Frataxin is an evolutionary relevant small protein for which definite functions in mitochondria and cell physiology have not been fully established. Most of the knowledge has been revealed by examining cell and animal models lacking frataxin. Current experimental work points toward biochemical and signaling pathways that mainly involve the biosynthesis of ISC and heme prosthetic factors, oxidative stress status, and iron homeostasis. However, these biochemical events that are usually observed in most of these models are not universal: oxygen radical production and increased activity of antioxidant enzymes is not always evident (Chantrel-Groussard et al. 2001; Seznec et al. 2005; Shidara and Hollenbeck 2010), impairment of ISC-containing enzymes is not always a consequence of frataxin loss of function (Rotig et al. 1997; Gonzalez-Cabo et al. 2010; Hick et al. 2013), and iron accumulation in mitochondria is not invariably an early event (Cossee et al. 2000; Puccio et al. 2001). In an attempt to explain the whole biological phenomenon in one hypothesis, Bayot et al. (2011) suggested that frataxin deficiency induced an increased basal sensitivity to ROS as opposed to an absolute increase in oxygen radicals, that is, defective cells display hypersensitivity to an oxidative insult. The whole picture of the disease pathogenesis is even heterogeneous at the histological level. The affected pathways and functions show a differential pattern in different organs and tissues (Fig. 1). For instance, late iron deposits are observed in myocardial fibers, but not in nervous system structures such as the DRG. Whether these biochemical and pathological differences are related to distinct cell susceptibility to the damage associated with frataxin depletion needs further studies in disease models, either cellular or animal. Nevertheless, whatever the cellular mechanisms involved, frataxin deficiency has consequences on the physiology of the targeted organs. In the following section, we will address disease pathophysiology.

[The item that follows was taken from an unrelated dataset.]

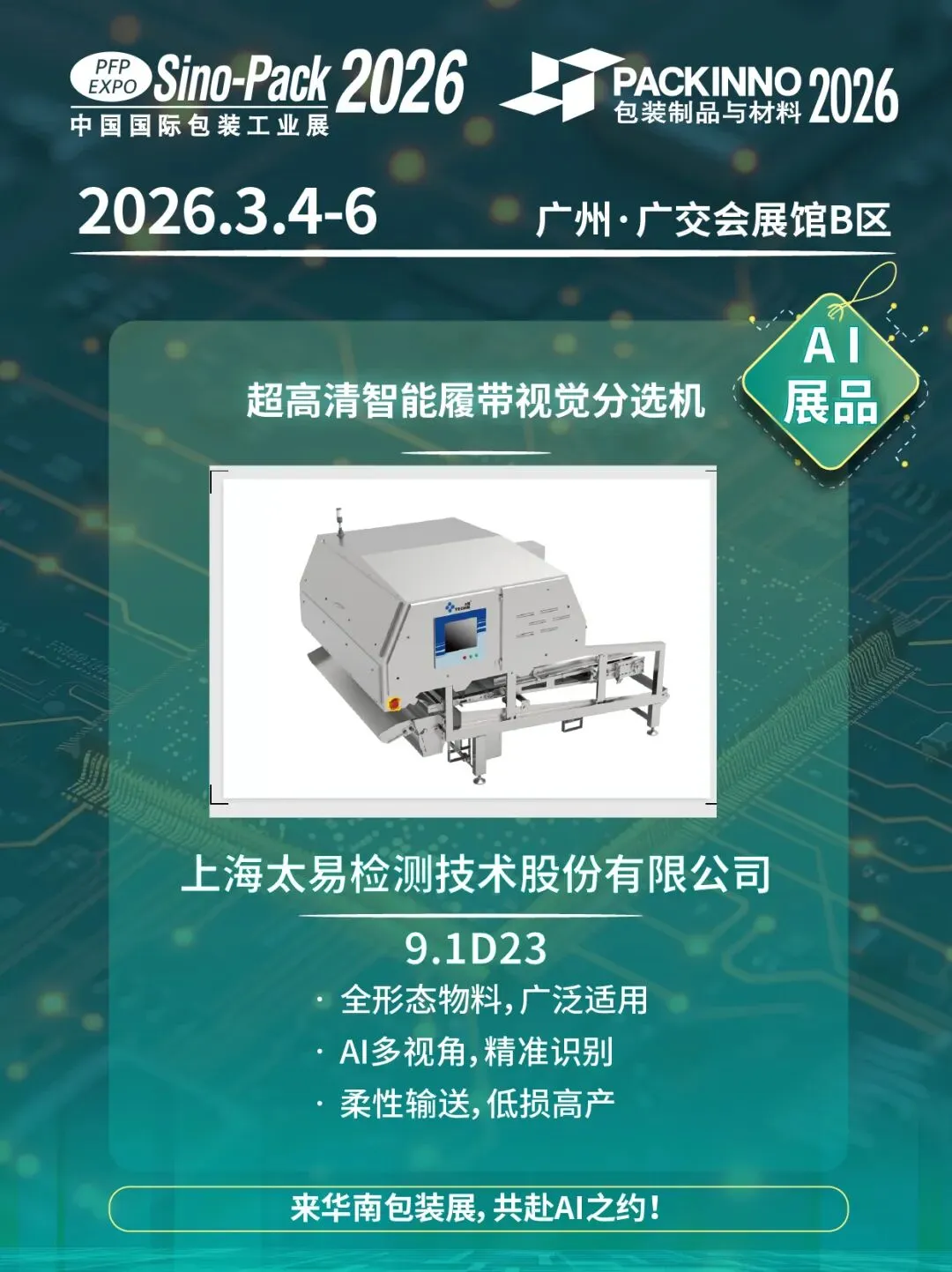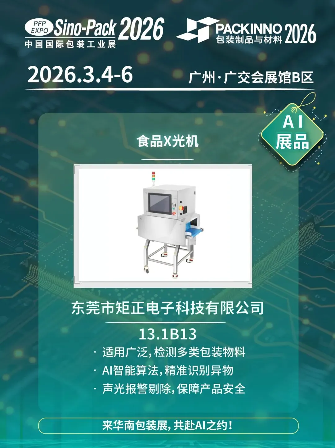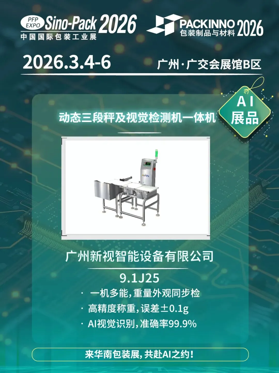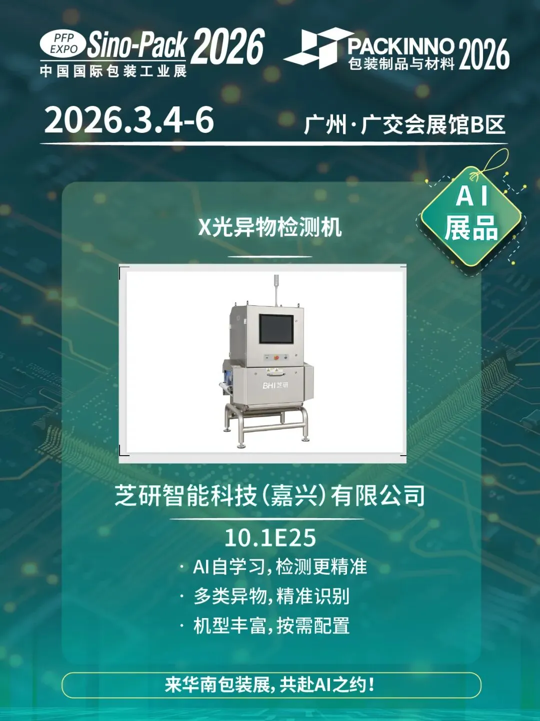 在重量、外观、异物检测等关键品控环节,AI正构建起无缝的安全防护网。2026华南包装展汇聚前沿的AI视觉检测、X光检测与智能标识技术,为您提供从在线检测到数据追溯的全链路品控解决方案,显著提升质量稳定性与生产合规性。如:

Friedreich's ataxia: pathophysiology of frataxin deficiency
FRDA pathophysiology is a consequence of the partial deficiency of frataxin in patients homozygous for the GAA expansion. A minority of patients, however, are compound heterozygotes for an expanded GAA repeat allele and a point or small mutation (missense, nonsense, splicing, frame-shift, or ins/del nucleotide change) that induces a loss-of-function protein mechanism (Cossee et al. 1999; De Castro et al. 2000).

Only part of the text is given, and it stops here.